# Task instructions
Among the lines below, keep only those from the one containing "The rear garden" through the one containing "Обои Маленькая девочка", and reproduce them exactly.

Start of Task material

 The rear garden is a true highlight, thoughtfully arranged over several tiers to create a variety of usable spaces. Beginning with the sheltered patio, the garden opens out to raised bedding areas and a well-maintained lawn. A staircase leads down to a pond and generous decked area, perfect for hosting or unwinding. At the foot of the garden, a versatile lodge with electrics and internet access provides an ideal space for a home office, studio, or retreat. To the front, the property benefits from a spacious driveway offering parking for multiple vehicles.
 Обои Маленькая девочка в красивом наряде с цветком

End of Task material
Start of Task material

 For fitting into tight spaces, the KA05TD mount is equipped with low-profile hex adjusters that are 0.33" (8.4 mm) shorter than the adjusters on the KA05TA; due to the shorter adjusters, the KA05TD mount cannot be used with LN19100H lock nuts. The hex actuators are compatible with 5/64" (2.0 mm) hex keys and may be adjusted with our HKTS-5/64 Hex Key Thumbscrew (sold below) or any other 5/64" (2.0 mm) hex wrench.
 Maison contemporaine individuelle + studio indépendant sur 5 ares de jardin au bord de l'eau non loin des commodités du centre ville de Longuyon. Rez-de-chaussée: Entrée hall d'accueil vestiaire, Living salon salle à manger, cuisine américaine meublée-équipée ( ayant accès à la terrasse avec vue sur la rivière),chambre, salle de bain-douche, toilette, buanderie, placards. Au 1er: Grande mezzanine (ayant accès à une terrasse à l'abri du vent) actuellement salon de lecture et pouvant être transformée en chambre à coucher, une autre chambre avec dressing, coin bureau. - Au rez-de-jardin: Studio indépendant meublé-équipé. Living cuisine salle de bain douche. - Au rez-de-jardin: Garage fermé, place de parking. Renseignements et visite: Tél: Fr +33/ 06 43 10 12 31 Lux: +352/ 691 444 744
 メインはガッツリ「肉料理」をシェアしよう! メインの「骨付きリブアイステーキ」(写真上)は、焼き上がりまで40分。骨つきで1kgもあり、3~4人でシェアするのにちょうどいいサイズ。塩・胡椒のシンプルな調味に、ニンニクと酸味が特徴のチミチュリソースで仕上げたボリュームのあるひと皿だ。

End of Task material

# Result of the task
 The rear garden is a true highlight, thoughtfully arranged over several tiers to create a variety of usable spaces. Beginning with the sheltered patio, the garden opens out to raised bedding areas and a well-maintained lawn. A staircase leads down to a pond and generous decked area, perfect for hosting or unwinding. At the foot of the garden, a versatile lodge with electrics and internet access provides an ideal space for a home office, studio, or retreat. To the front, the property benefits from a spacious driveway offering parking for multiple vehicles.
 Обои Маленькая девочка в красивом наряде с цветком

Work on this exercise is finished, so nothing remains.